§ Provided data

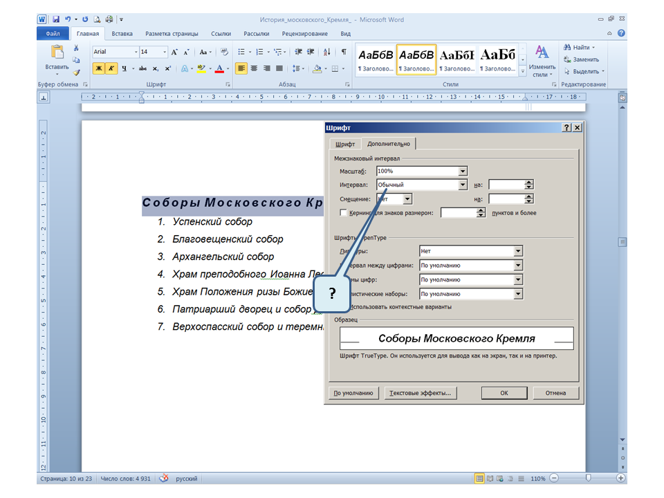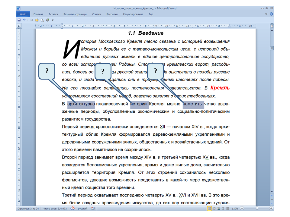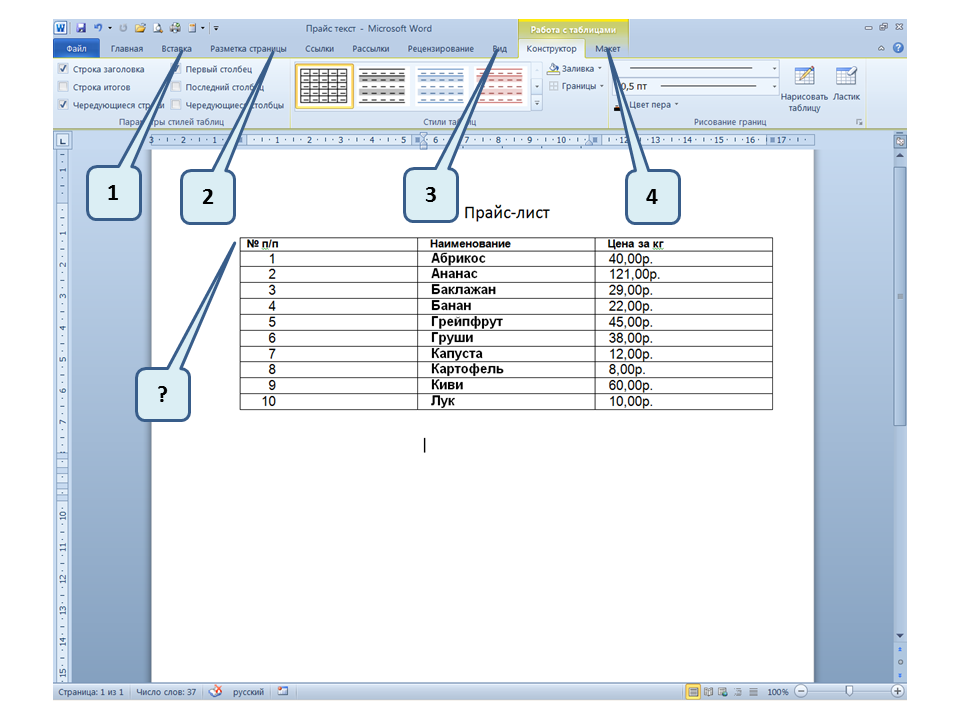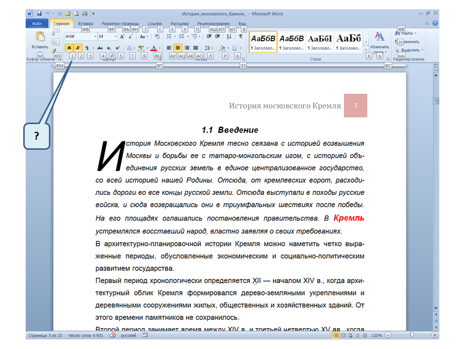 Список вопросов базы знанийПользователь Microsoft Word 2010Вопрос id:14767 Как называется режим обтекания, установленный для рисунка? ![]() ?) В тексте ?) По контору ?) Вокруг рамки ?) За текстом Вопрос id:14768 При открытии нового документа в программе MO Word 2010 на листе отображается сетка. С помощью, какой вкладки её можно убрать? ![]() ?) Вставка (1) ?) Это сделать нельзя, нужно закрыть документ и открыть новый. ?) Разметка страницы (2) ?) Вид (3) Вопрос id:14769 На Ленте во вкладке Главная для всех значков отображаются «Горячие клавиши», каким образом их можно отобразить? ![]() ?) Нажав последовательно клавиши Alt ⇒ Л ?) Нажав последовательно клавиши Alt ⇒ З ?) Нажав последовательно клавиши Alt ⇒ Я ?) Нажав последовательно клавиши Alt ⇒ Ф Вопрос id:14770 В приведенном предложении слово подчеркнуто зеленой волнистой линией, в чем причина и как убрать это подчеркивание? ![]() ?) Для этого слова выбрано начертание Подчёркнутый, линия зеленого цвета, нужно очистить формат ?) В этом предложении ошибка пунктуации, нужно исправить ошибку ?) Для этого слова выбрано оформление - нижняя граница, линия зеленого цвета, нужно очистить формат ?) Один из символов в этом слове написан на английском языке, нужно исправить символ Вопрос id:14771 Как называется режим обтекания, установленный для рисунка? ![]() ?) По контуру ?) За текстом ?) В тексте ?) Вокруг рамки Вопрос id:14772 При поиске в панели навигации выбрана вкладка «Просмотр страниц документа», какие страницы отображаются на панели навигации? ![]() ?) Все страницы документа ?) Только первая страница, где присутствует слово или фраза, которую хотят найти ?) Только текущая страница, где присутствует слово или фраза, которую хотят найти ?) Все страницы, где присутствует слово или фраза, которую хотят найти Вопрос id:14773 Вы хотите разместить в Буфере обмена несколько фрагментов, для этого нужно отобразить Область задач «Буфера обмена», по какому значку нужно щелкнуть мышкой? ![]() ?) 3 ?) 2 ?) 4 ?) 1 Вопрос id:14774 Какой вкладкой следует воспользоваться, чтобы распечатать в документе только выделенный фрагмент? ![]() ?) 4 ?) 2 ?) 3 ?) 1 Вопрос id:14775 Каким маркером следует воспользоваться, чтобы с помощью мышки изменить ширину всех столбцов и высоту всех строк таблицы? ![]() ?) Это сделать нельзя ?) 1 ?) 3 (Ухватившись за внешнюю границу таблицы) ?) 2 Вопрос id:14776 Для каких целей используется эти элементы? ![]() ?) Для задания ширины и высоты выделенных ячеек ?) Для изменения интервалов между ячейками ?) Для задания ширины и высоты выделенного текста в таблице ?) Для задания ширины и высоты выделенной таблицы Вопрос id:14777 Какой вкладкой следует воспользоваться для проверки правописания в документе? ![]() ?) Вид (4) ?) Рецензирование (3) ?) Главная (1) ?) Вставка (2) Вопрос id:14778 Как выделить в тексте несколько слово не подряд? ![]() ?) Последовательно дважды щелкнуть, по словам правой клавишей мышки ?) Последовательно дважды щелкнуть, по словам левой клавишей мышки ?) По первому слову дважды щелкнуть левой клавишей мышки, а по последующим словам дважды щелкнуть левой клавишей мышки с нажатой клавишей Ctrl ?) По первому слову дважды щелкнуть левой клавишей мышки, а по последующим словам два-жды щелкнуть левой клавишей мышки с нажатой клавишей Shift Вопрос id:14779 Для каких целей можно использовать указанный элемент? ![]() ?) Для увеличения или уменьшения размера шрифта ?) Для оформления подстрочных и надстрочных знаков ?) Только для уме
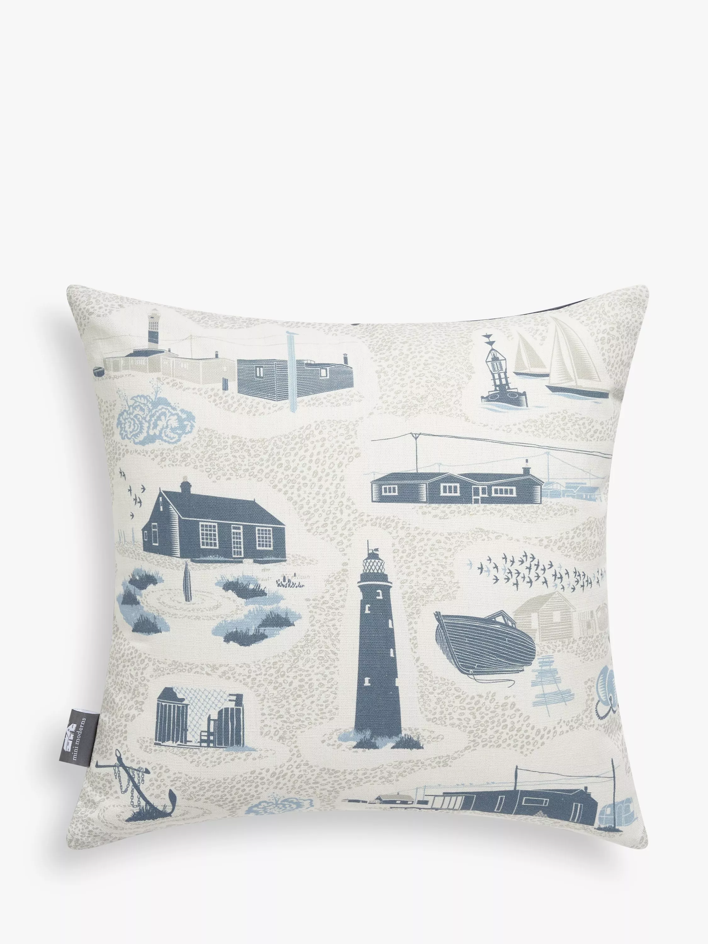This scene of Dungeness features a mass of shingle, punctuated by illustrated vignettes of quaint cabins, abandoned fishing boats and ramshackle huts. Anchoring the print are the two lighthouses that flank the Mini Moderns beach house.
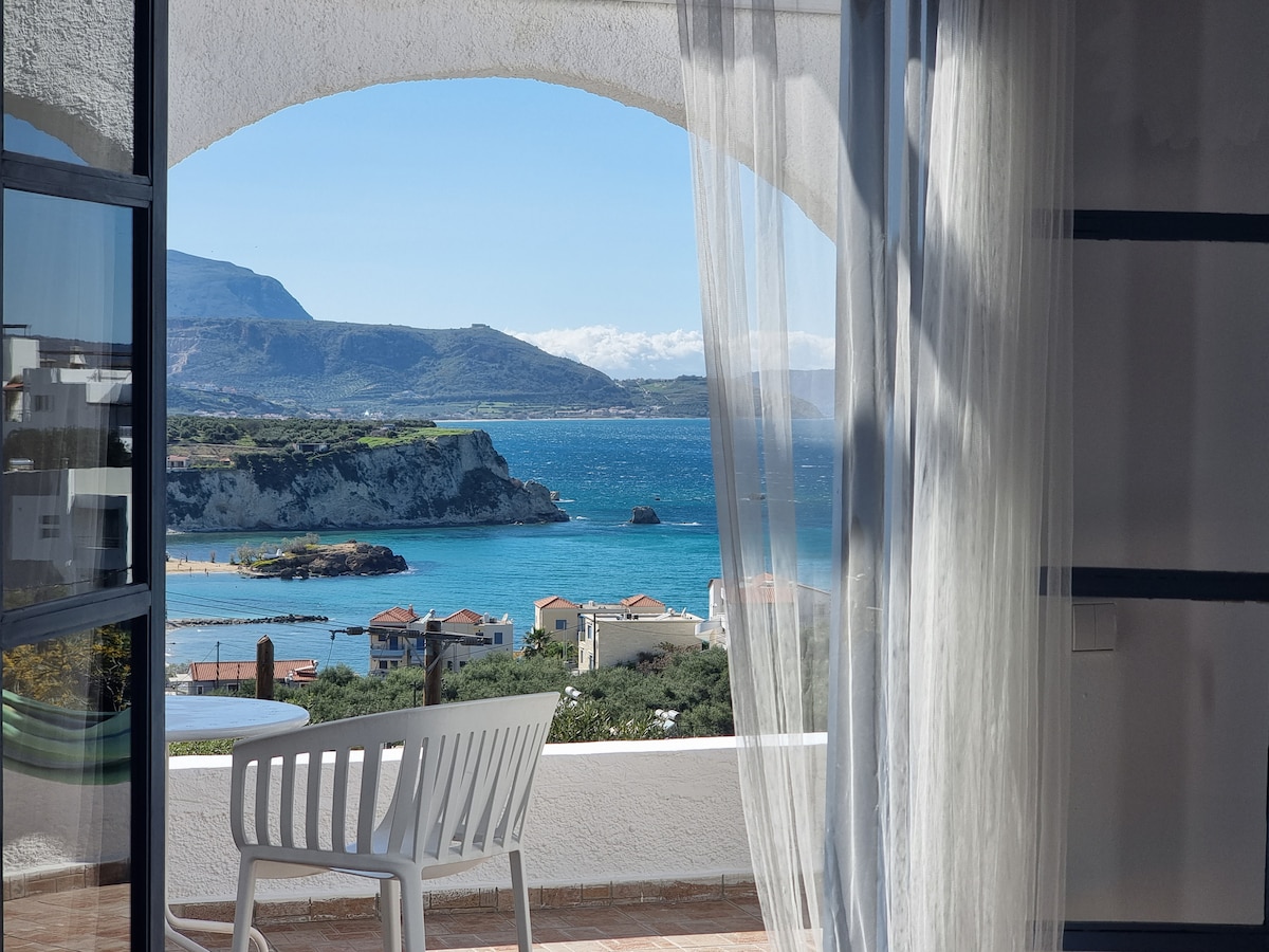 Marvelous sea VIEW from your arched balcony. Private newly renovated big suite, double bed, kitchen with utensils, bathroom, balcony with hammock. SUPERB, PRIVATE, AND COSY. You will feel at home. Breakfast in request:) Peaceful, quiet retreat away from the bustle, 7 min walk to amazing Almyrida sandy beach, shops, restaurants, and the best taverna with homemade food a few steps away. Close to Samaria gorge, Balos, Elafonisi beaches, Chania and Rethymno. 7olivescrete

§ Exercise
Exact transcription of the full listing above is required; images do not belong in it.

§ Output for this task
 Список вопросов базы знанийПользователь Microsoft Word 2010Вопрос id:14767 Как называется режим обтекания, установленный для рисунка? ![]() ?) В тексте ?) По контору ?) Вокруг рамки ?) За текстом Вопрос id:14768 При открытии нового документа в программе MO Word 2010 на листе отображается сетка. С помощью, какой вкладки её можно убрать? ![]() ?) Вставка (1) ?) Это сделать нельзя, нужно закрыть документ и открыть новый. ?) Разметка страницы (2) ?) Вид (3) Вопрос id:14769 На Ленте во вкладке Главная для всех значков отображаются «Горячие клавиши», каким образом их можно отобразить? ![]() ?) Нажав последовательно клавиши Alt ⇒ Л ?) Нажав последовательно клавиши Alt ⇒ З ?) Нажав последовательно клавиши Alt ⇒ Я ?) Нажав последовательно клавиши Alt ⇒ Ф Вопрос id:14770 В приведенном предложении слово подчеркнуто зеленой волнистой линией, в чем причина и как убрать это подчеркивание? ![]() ?) Для этого слова выбрано начертание Подчёркнутый, линия зеленого цвета, нужно очистить формат ?) В этом предложении ошибка пунктуации, нужно исправить ошибку ?) Для этого слова выбрано оформление - нижняя граница, линия зеленого цвета, нужно очистить формат ?) Один из символов в этом слове написан на английском языке, нужно исправить символ Вопрос id:14771 Как называется режим обтекания, установленный для рисунка? ![]() ?) По контуру ?) За текстом ?) В тексте ?) Вокруг рамки Вопрос id:14772 При поиске в панели навигации выбрана вкладка «Просмотр страниц документа», какие страницы отображаются на панели навигации? ![]() ?) Все страницы документа ?) Только первая страница, где присутствует слово или фраза, которую хотят найти ?) Только текущая страница, где присутствует слово или фраза, которую хотят найти ?) Все страницы, где присутствует слово или фраза, которую хотят найти Вопрос id:14773 Вы хотите разместить в Буфере обмена несколько фрагментов, для этого нужно отобразить Область задач «Буфера обмена», по какому значку нужно щелкнуть мышкой? ![]() ?) 3 ?) 2 ?) 4 ?) 1 Вопрос id:14774 Какой вкладкой следует воспользоваться, чтобы распечатать в документе только выделенный фрагмент? ![]() ?) 4 ?) 2 ?) 3 ?) 1 Вопрос id:14775 Каким маркером следует воспользоваться, чтобы с помощью мышки изменить ширину всех столбцов и высоту всех строк таблицы? ![]() ?) Это сделать нельзя ?) 1 ?) 3 (Ухватившись за внешнюю границу таблицы) ?) 2 Вопрос id:14776 Для каких целей используется эти элементы? ![]() ?) Для задания ширины и высоты выделенных ячеек ?) Для изменения интервалов между ячейками ?) Для задания ширины и высоты выделенного текста в таблице ?) Для задания ширины и высоты выделенной таблицы Вопрос id:14777 Какой вкладкой следует воспользоваться для проверки правописания в документе? ![]() ?) Вид (4) ?) Рецензирование (3) ?) Главная (1) ?) Вставка (2) Вопрос id:14778 Как выделить в тексте несколько слово не подряд? ![]() ?) Последовательно дважды щелкнуть, по словам правой клавишей мышки ?) Последовательно дважды щелкнуть, по словам левой клавишей мышки ?) По первому слову дважды щелкнуть левой клавишей мышки, а по последующим словам дважды щелкнуть левой клавишей мышки с нажатой клавишей Ctrl ?) По первому слову дважды щелкнуть левой клавишей мышки, а по последующим словам два-жды щелкнуть левой клавишей мышки с нажатой клавишей Shift Вопрос id:14779 Для каких целей можно использовать указанный элемент? ![]() ?) Для увеличения или уменьшения размера шрифта ?) Для оформления подстрочных и надстрочных знаков ?) Только для уме
This scene of Dungeness features a mass of shingle, punctuated by illustrated vignettes of quaint cabins, abandoned fishing boats and ramshackle huts. Anchoring the print are the two lighthouses that flank the Mini Moderns beach house.
 Marvelous sea VIEW from your arched balcony. Private newly renovated big suite, double bed, kitchen with utensils, bathroom, balcony with hammock. SUPERB, PRIVATE, AND COSY. You will feel at home. Breakfast in request:) Peaceful, quiet retreat away from the bustle, 7 min walk to amazing Almyrida sandy beach, shops, restaurants, and the best taverna with homemade food a few steps away. Close to Samaria gorge, Balos, Elafonisi beaches, Chania and Rethymno. 7olivescrete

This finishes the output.